マロン:憲二パパ、猪木より強かった

タイガーマスク

坂口憲二が父の道場で柔道指導中、ケガをした。幸い全治1週間程度で、ドラマ撮影にも影響ないという。父とは、元プロレスラー坂口征二。アントニオ猪木の新日本プロレス黎明期の立役者だ。

転校先の小学校でイジメに遭った私は、漫画タイガーマスクに励まされプロレスファンになったのだが(憲二もタイガーのファンだとか)、当時プロレスといえば馬場の全日本プロレスと猪木の新日本プロレスが双壁。
本気で戦えば間違いなく日本最強だった坂口だが、新日本のリングでは猪木がエース。よきパートナーとして、たまに猪木と戦っても負け役に徹した。

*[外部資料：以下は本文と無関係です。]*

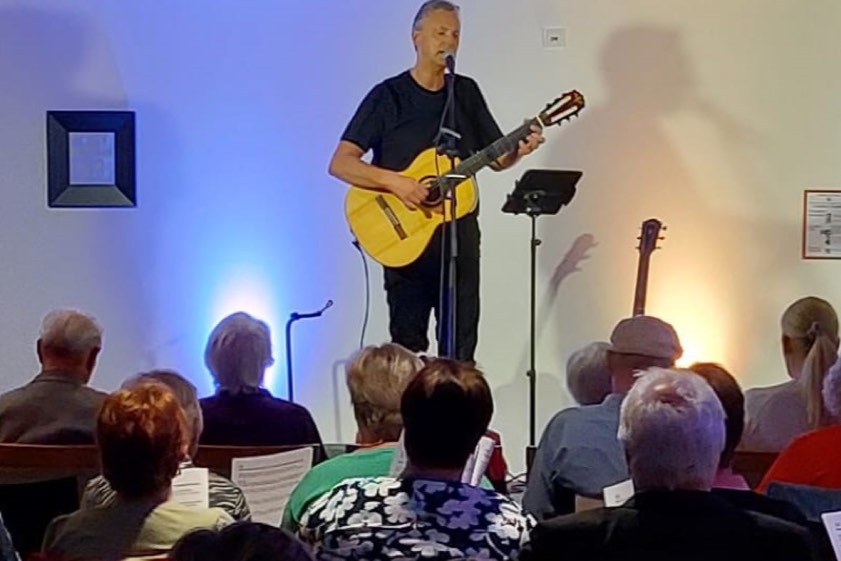 (ty) Die letzte "Zammasitzn"-Veranstaltung in Geisenfeld für dieses Jahr hat kürzlich mit Ralf Eberhardt stattgefunden. Rund 50 Gäste folgten der Einladung, sich bei traditionellen Volksliedern und Klassikern der deutschen Liedkunst aktiv zu beteiligen. Eberhardt, der den Abend mit seiner Gitarre musikalisch untermalte, lud zum Mitsingen ein – eine Aufforderung, der die Gäste begeistert nachkamen. Das vorbereitete Liederbuch bot nicht nur die Texte, sondern der Sänger selbst bereicherte die Veranstaltung mit Hintergrund-Informationen zu den einzelnen Liedern.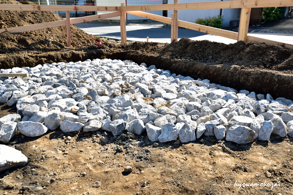 根切りをした後にベタ基礎の下地として割栗石を並べて目潰し砂利で隙間を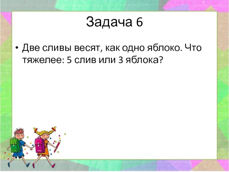 Задача 6Две сливы весят, как одно яблоко. Что тяжелее: 5 слив или 3 яблока?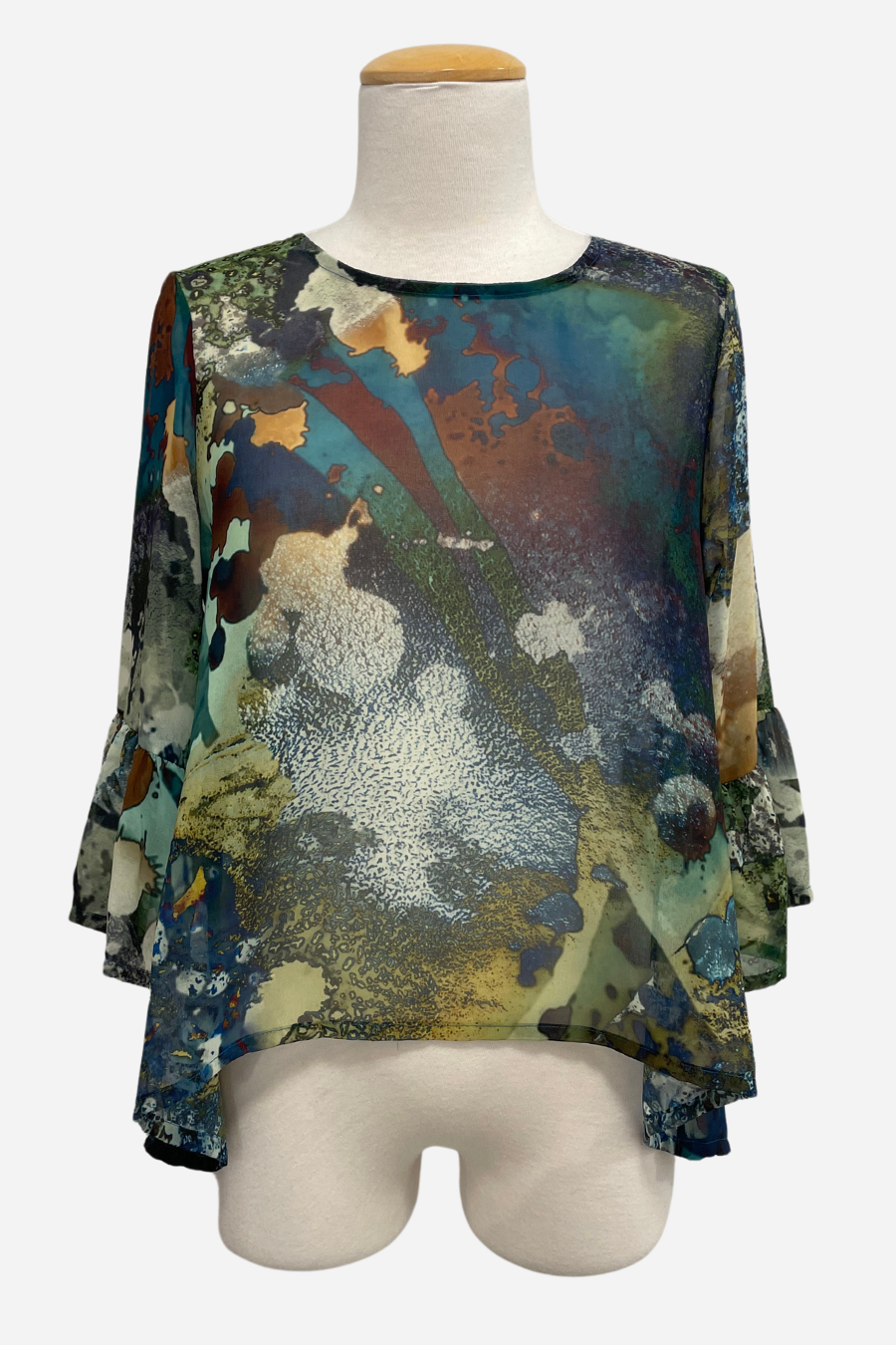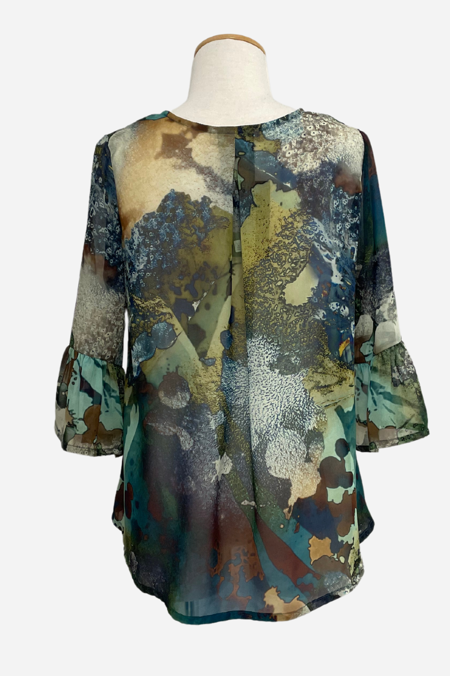 The Fran Shirt has a round neckline and a flirty ruffle at the three quarter bell sleeves. An inverted pleat below the back neckline and a curved high/low hemline complete the cute and easy fitting look.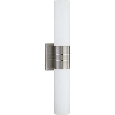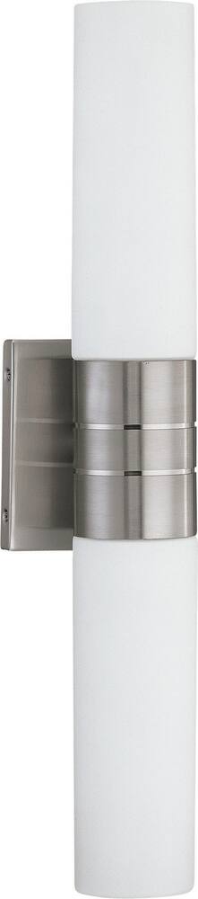 Nuvo 62/2936 Link Lighting Fixture, 2Lt LED Vertical Tube Wall Sconce, White Glass Brushed Nickel Finish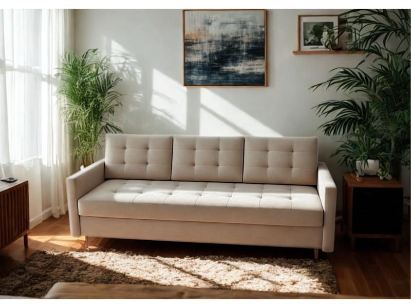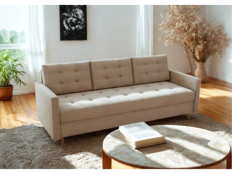 Sofa VIDO to stylowa sofa w eleganckim wydaniu glamour, która łączy nowoczesny design z codzienną funkcjonalnością. Pikowane siedzisko, wysokie drewniane nóżki oraz staranne wykończenie nadają wnętrzu wyjątkowy charakter. Sofa posiada wygodną funkcję spania o powierzchni 140x190 cm oraz praktyczną skrzynię na pościel. Zastosowanie sprężyn bonell na całej powierzchni zapewnia wysoki komfort wypoczynku i trwałość na lata. Idealna do salonu, pokoju gościnnego lub mniejszego mieszkania.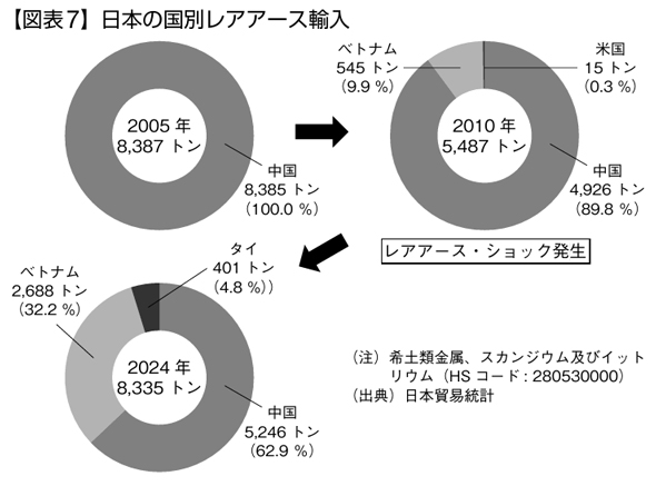 2010年からだいぶ改善されたとはいえ、今も日本のレアアース輸入量8335トンのうち、62.9%を中国が占めている(貿易統計2024年)。

そんな温厚で忠実な性格の坂口に、1983年、ある事件が起きる。

そのころ坂口は、マッチメーク(試合の組み合わせなどを考案)を担当していた。プロレスのおもしろさは、マッチメーカーがどんなカードを組むかで左右される。ファンのニーズを把握する「センス」と「読み」が必要とされる重要なポストだ。

新日プロが社運を賭けたIWGPという大きな大会の優勝戦、エース猪木は売り出し中のアメリカ人選手ハルク・ホーガンに敗れてしまう。それも、ホーガンの必殺技を食らい舌を出して失神KO。凄まじい結果に、当時プロレスを扱わなかった一般紙までこぞって報じた。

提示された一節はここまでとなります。